Better idea for double list comprehension?

Stanislav Blinov stanislav.blinov at gmail.com
Sat Jan 18 19:39:22 PST 2014


On Sunday, 19 January 2014 at 02:10:01 UTC, CJS wrote:

> That's more concise but I also think it's more confusing. I 
> assume that to!string is doing the exact same thing, but I was 
> hoping for something to do the appropriate implicit 
> conversations. Especially to a range of length 1, though I can 
> understand that kind of auto-magical conversion would be 
> annoying in a number of important instances.

Does not compute. You mean implicit conversion of single 
character to a range?

> I changed the code to this:
>
> import std.stdio : writeln;
> import std.range : chunks, chain;
> import std.algorithm;
> import std.array;
> import std.conv;
>
> auto cross(R1, R2)(R1 A, R2 B) {
>     return cartesianProduct(A, B).map!(ab => ab[].text).array;
> }
>
>
> void main(){
>     const string letters = "ABCDEFGHI";
>     const string digits = "123456789";
>
>     auto cols = digits;
>     auto rows = letters;
>
>     auto squares = cross(rows, cols);
>     string[][] unitlist;

You may want to use an appender here. It's more efficient than ~= 
, and lets you transform those foreach loops into one-liners :)

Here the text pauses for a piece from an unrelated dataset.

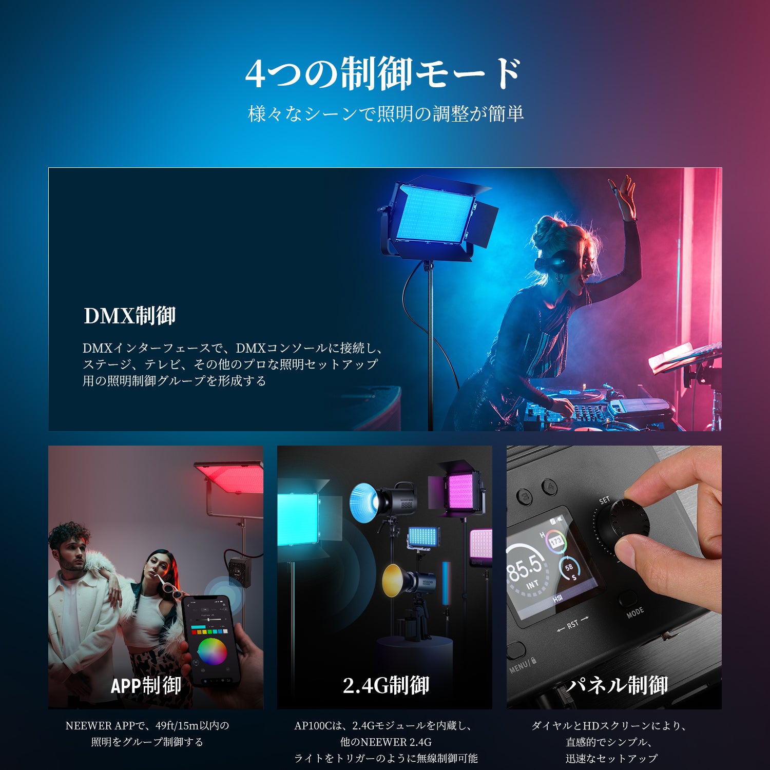 - 【APP/2.4G/パネル/DMX制御】NEEWER AP100C RGBライトはAPP/2.4G/パネル/DMXなど4つの制御方法を搭載します。NEEWER APPによる無線制御と複数ライトのグループ管理が可能です。内蔵2.4Gモジュールにより、異なるライトモデル(SL90 PRO、RGB1、RGB1200、MS60C、MS60B、MS150B、FS150B、BH30S、CB60Bなど)のマスタースレーブ制御を実現。パネル操作で直感的にパラメーターを表示・調整。5ピンDMXポートを装備し、DMXコンソールに接続することで、複雑なマルチライトセットアップに対応します。

       auto app = appender(&unitlist);

       /+
       foreach(c; cols){
           unitlist ~= cross(rows, to!string(c));
       }
       foreach(r; rows){
           unitlist ~= cross(to!string(r), cols);
       }
       foreach(r; chunks(rows, 3)){
           foreach(c; chunks(cols, 3)){
               unitlist ~= cross(to!string(r),to!string(c));
           }
       }
       +/
       app.put(cols.map!(x => cross(rows, x.text)));
       app.put(rows.map!(x => cross(x.text, cols)));
       app.put(chunks(rows,3).map!(r => chunks(cols,3).map!(c => 
cross(r.text, c.text))));

>     string[][][string] units;
>     string[][string] peers;
>
>     foreach(s; squares){
>         units[s] = unitlist.filter!(x => any!(y => s==y)); 
> \\line 37
>     }

This one seems like it should be unitlist.filter!(x => x.any!(y 
=> s==y)).array();

>     foreach(s; squares){
>         peers[s] = remove(chain(units[s]), s); \\line 41
>     }

This one I don't understand. chain(units[s]) ? That's the same as 
units[s]. remove() returns a range, in this case string[][].